Immune-cold solid tumors were found to exhibit molecular characteristics associated with homologous recombination deficiency (HRD), revealing potential therapeutic vulnerabilities in cancers that typically show poor response to immunotherapy.
HRD-related defects in DNA damage repair pathways contribute to increased genomic instability, which may influence tumor biology and immune microenvironment dynamics.

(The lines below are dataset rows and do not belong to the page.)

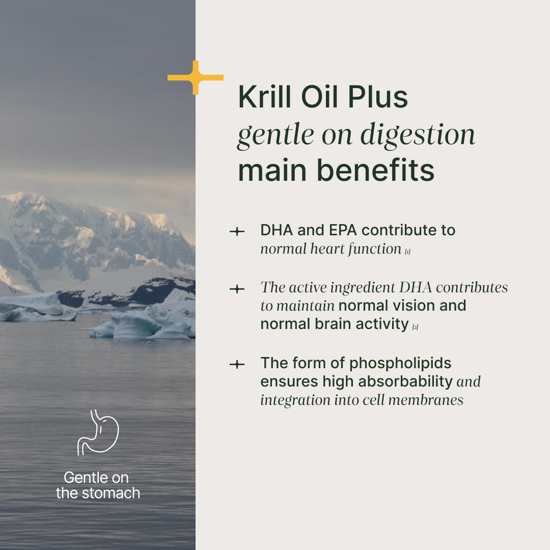 Krill Oil Plus pochodzi z dziewiczych wód antarktycznych z łowisk z certyfikatem MSC , co gwarantuje zrównoważone połowy i przyjazność dla środowiska. Olej z kryla jest bogatym źródłem kwasów tłuszczowych omega-3 EPA i DHA , a także zawiera naturalnie występującą astaksantynę i cholinę . Każda kapsułka zawiera aż 805 mg oleju z kryla, co zapewnia wysokie stężenie składników odżywczych w jednej porcji.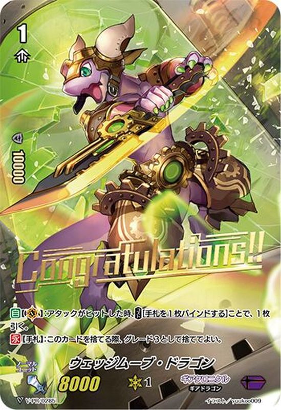 【自】【(V)】:アタックがヒットした時、【コスト】[手札を1枚バインドする]ことで、1枚引く。【永】【手札】:このカードを捨てる際、グレード3として捨ててよい。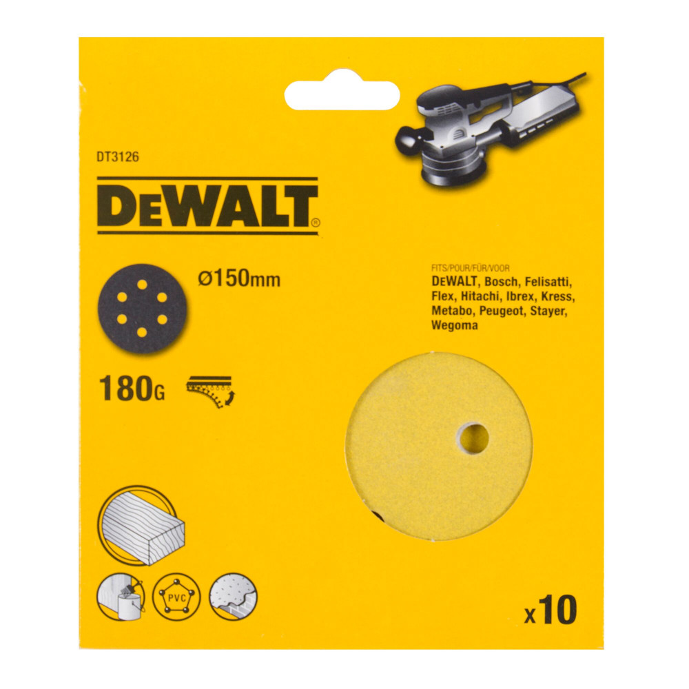 Papierové kotúče DEWALT Hoop & Loop s nepriľnavým stearátovým povlakom, ktorý minimalizuje lepenie a usadzovanie, sú vybavené zrnom oxidu hlinitého pre rýchle odstránenie materiálu a jemnú konečnú úpravu. Zadná strana so suchým zipsom ponúka rýchlu a jednoduchú výmenu papiera a špeciálne upravená podložka odoláva roztrhnutiu.

Tumors harboring HRD signatures may demonstrate enhanced sensitivity to PARP inhibitors, which target DNA repair mechanisms and exploit synthetic lethality in HRD-positive cancers.
HRD-associated genomic instability may also create opportunities for combination treatment strategies, including PARP inhibitors alongside immune checkpoint inhibitors.
These findings suggest that DNA repair pathway alterations could serve as predictive biomarkers for identifying patients who may benefit from targeted therapeutic approaches.
Understanding the relationship between HRD status and immune-cold tumor microenvironments may help overcome resistance to current immunotherapy treatments.
Integrating HRD biomarker analysis into precision oncology workflows could improve patient stratification and guide personalized treatment strategies.
Overall, targeting homologous recombination deficiency in immune-cold tumors may open new avenues for therapeutic intervention in malignancies that currently have limited treatment options.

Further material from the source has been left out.